▶ **Collected data**

____________

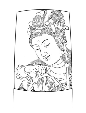 局部的觀音面容、童子與佛手,沈穩自在的線條,順著直式燈板往下延伸出流暢的視覺感,簡單而純粹的深葛色燈座,底部配有無段式亮度調節裝置,可自由調整亮度,創造不同的空間氛圍。
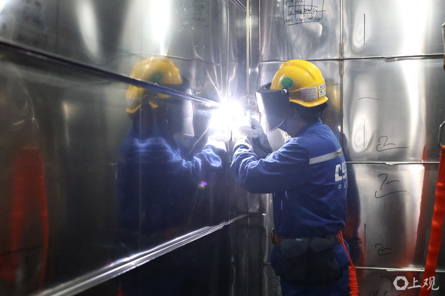LNG船液货舱内部相当于十层楼高,工人们需要通过脚手架密集分区作业完成焊接。
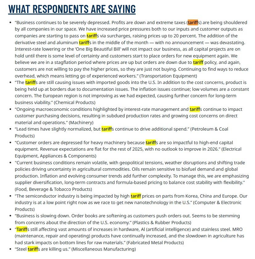Respondents were, as has been the case lately, largely despondent and still blaming tariffs for their woes (because that’s easier than adjusting any weakness in their business of course):
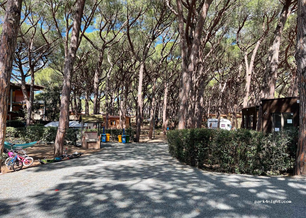 Ottimo camping. Belle le piazzole, servizi perfetti, piscina molto bella (imita un laghetto), spiaggia e mare belli, 'area cani interna, negozi, ristorante, bar, di tutto e più, pulizia assoluta. Appena fuori inizia la straordinaria pineta che porta fino a Cecina riserva protetta. È cara (68 € camper 4 persone ed un cane a metà giugno), è eccessivo pagare extra la piscina (gratuita fino alle 11).

____________

▶ **Problem requirements**
Please write out the lines from the one that holds "Respondents were, as" through the end of the material, both ends included, exactly and with no pictures.

▶ **Written answer**
Respondents were, as has been the case lately, largely despondent and still blaming tariffs for their woes (because that’s easier than adjusting any weakness in their business of course):
 Ottimo camping. Belle le piazzole, servizi perfetti, piscina molto bella (imita un laghetto), spiaggia e mare belli, 'area cani interna, negozi, ristorante, bar, di tutto e più, pulizia assoluta. Appena fuori inizia la straordinaria pineta che porta fino a Cecina riserva protetta. È cara (68 € camper 4 persone ed un cane a metà giugno), è eccessivo pagare extra la piscina (gratuita fino alle 11).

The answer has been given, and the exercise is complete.